**What you are asked to do:** Find the line with "Make the cooking" in the data below. Repeat it and every line after it up to the end, exactly, but drop the pictures.

**Data shown:**
● ● ● ●
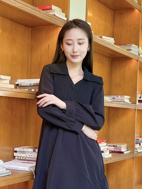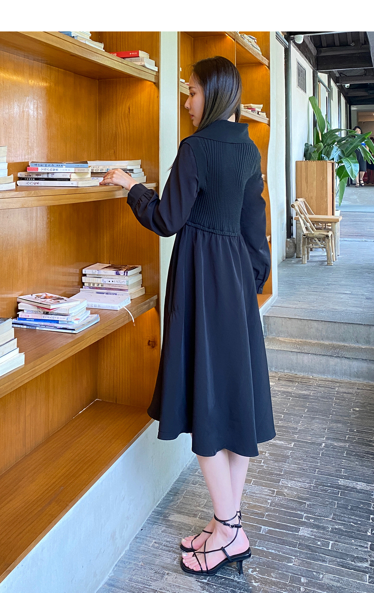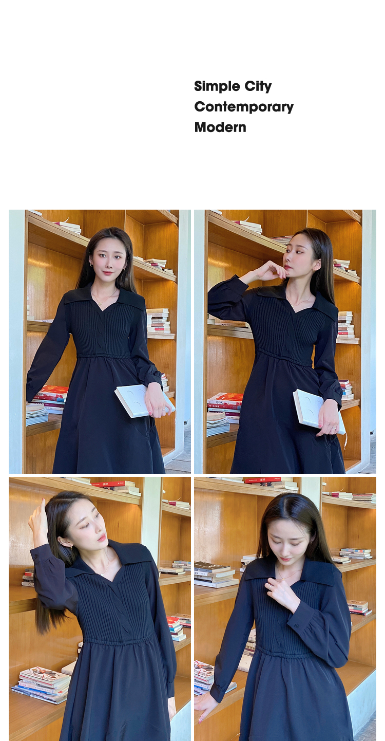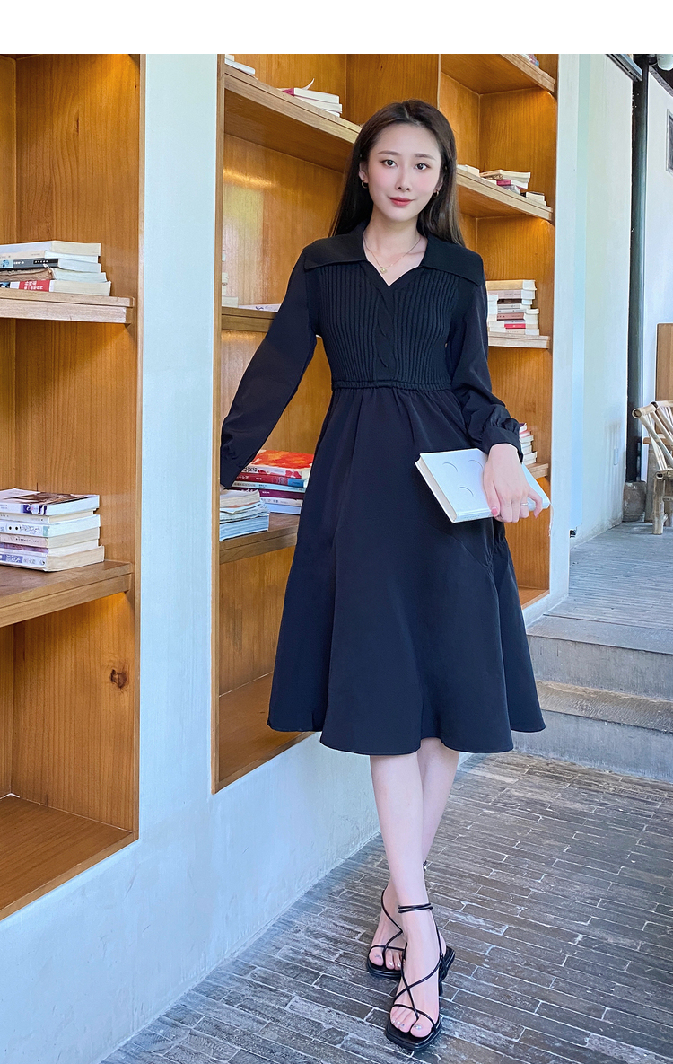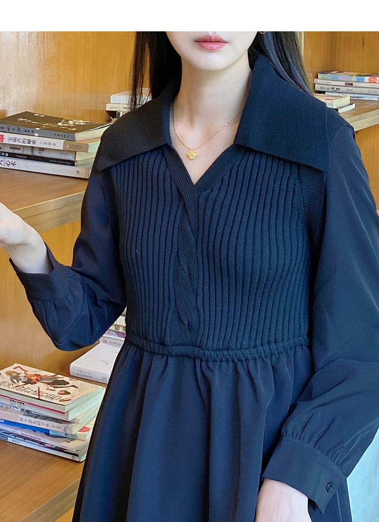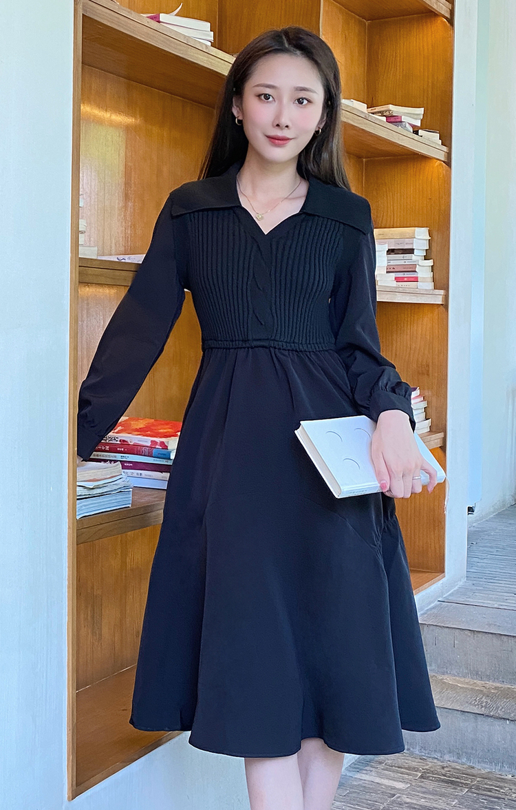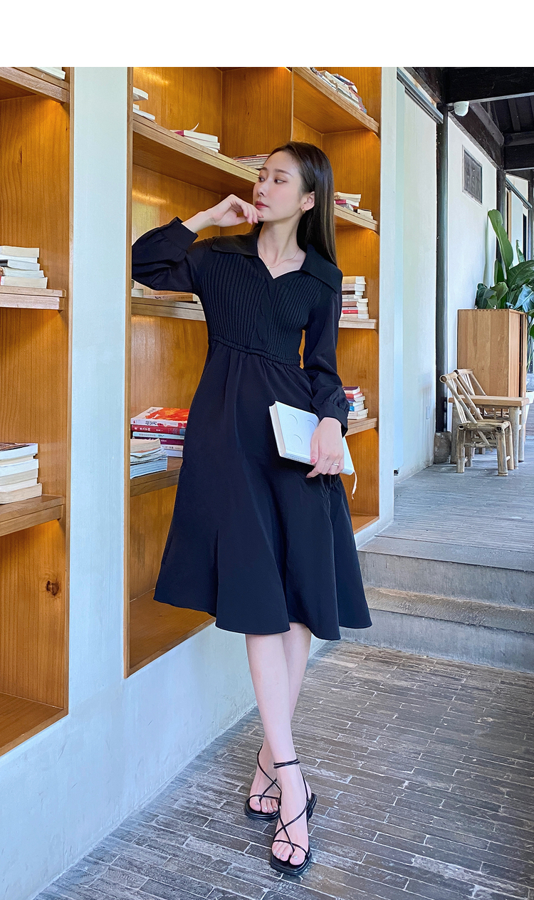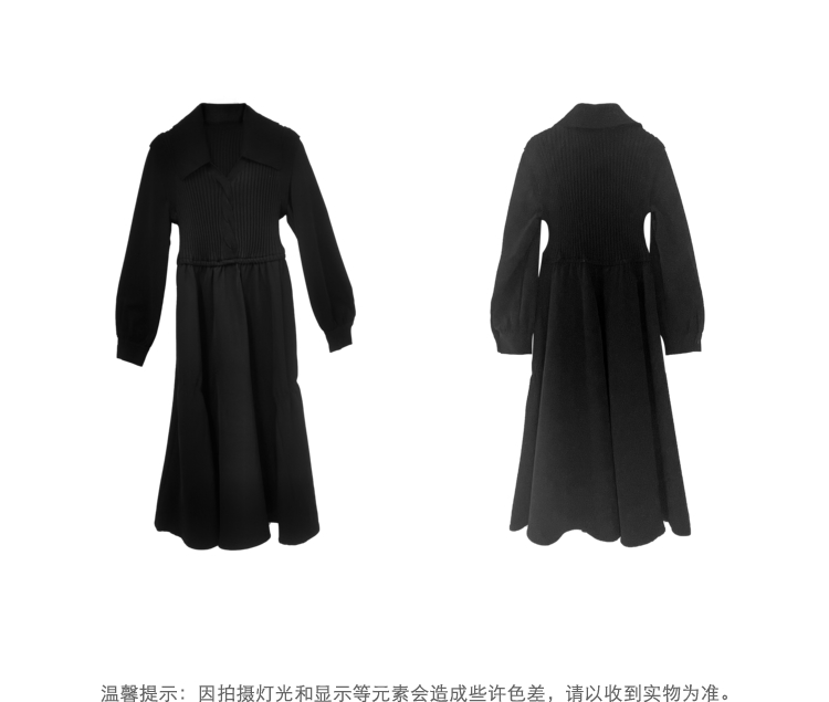 NEELLY纳俪秋季针织拼接连衣裙女气质翻领收腰中长款裙子时尚百搭N22084Y06617
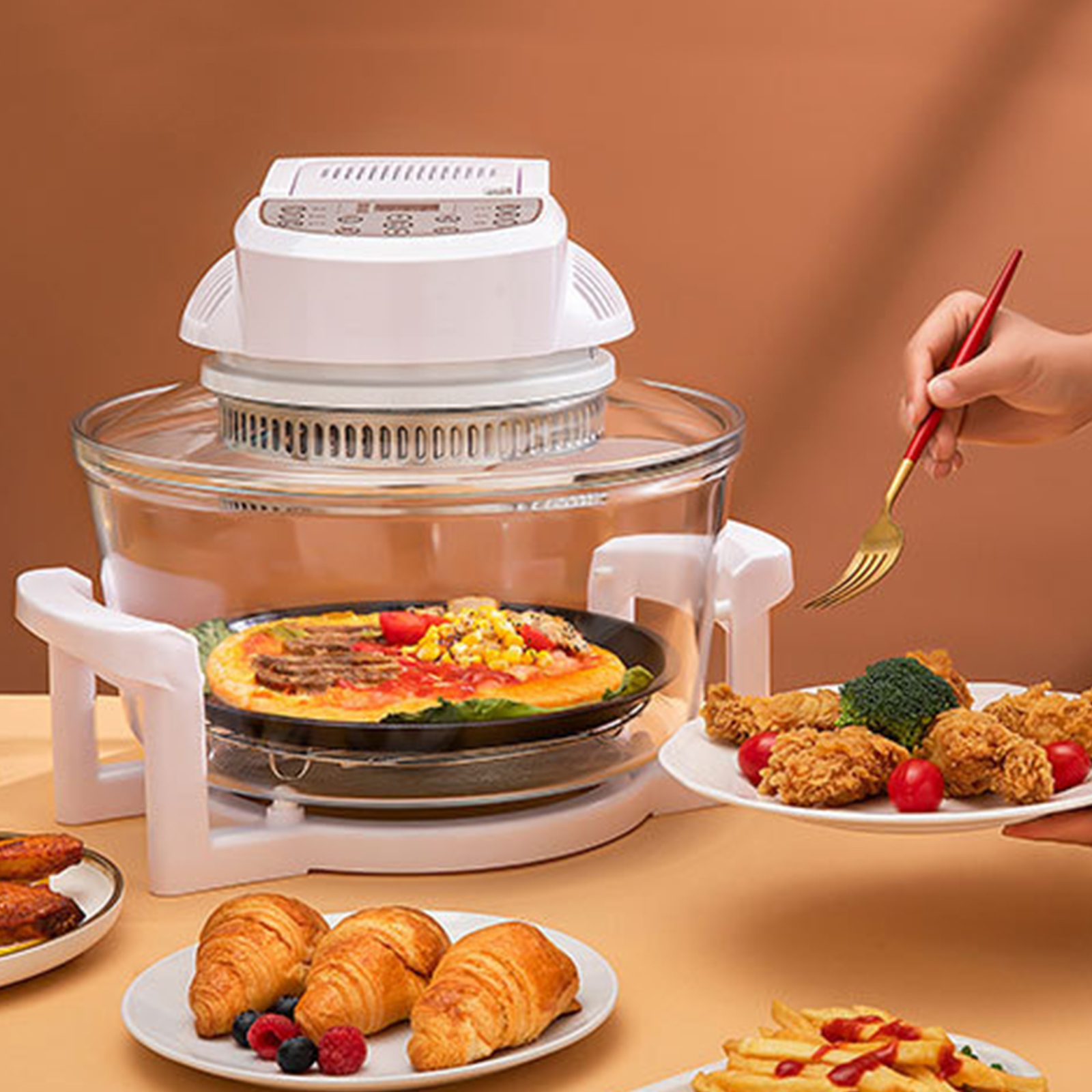 Make the cooking process visible peace of mind and deliciousness - This glass air frying pan oven redefines the possibilities of countertop small kitchens. With flexible capacity options of 12L or 17L, it can easily accommodate exquisite simple meals for one person or baked snacks for the whole family. It doesn't take up much space but offers great potential.
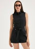 Learn moreSometimes, you just feel like stocking up on alternatives to dresses in the summer. Styled in classic black so it can be partnered with all your favourite shoes, this playsuit is crafted from a comfy linen blend and features silver button fastenings for easy on/off. Other key characteristics include a chic tie waist and a classic collar. Model Height: 5ft 9 1/2.
● ● ● ●
**Written response:**
 Make the cooking process visible peace of mind and deliciousness - This glass air frying pan oven redefines the possibilities of countertop small kitchens. With flexible capacity options of 12L or 17L, it can easily accommodate exquisite simple meals for one person or baked snacks for the whole family. It doesn't take up much space but offers great potential.
 Learn moreSometimes, you just feel like stocking up on alternatives to dresses in the summer. Styled in classic black so it can be partnered with all your favourite shoes, this playsuit is crafted from a comfy linen blend and features silver button fastenings for easy on/off. Other key characteristics include a chic tie waist and a classic collar. Model Height: 5ft 9 1/2.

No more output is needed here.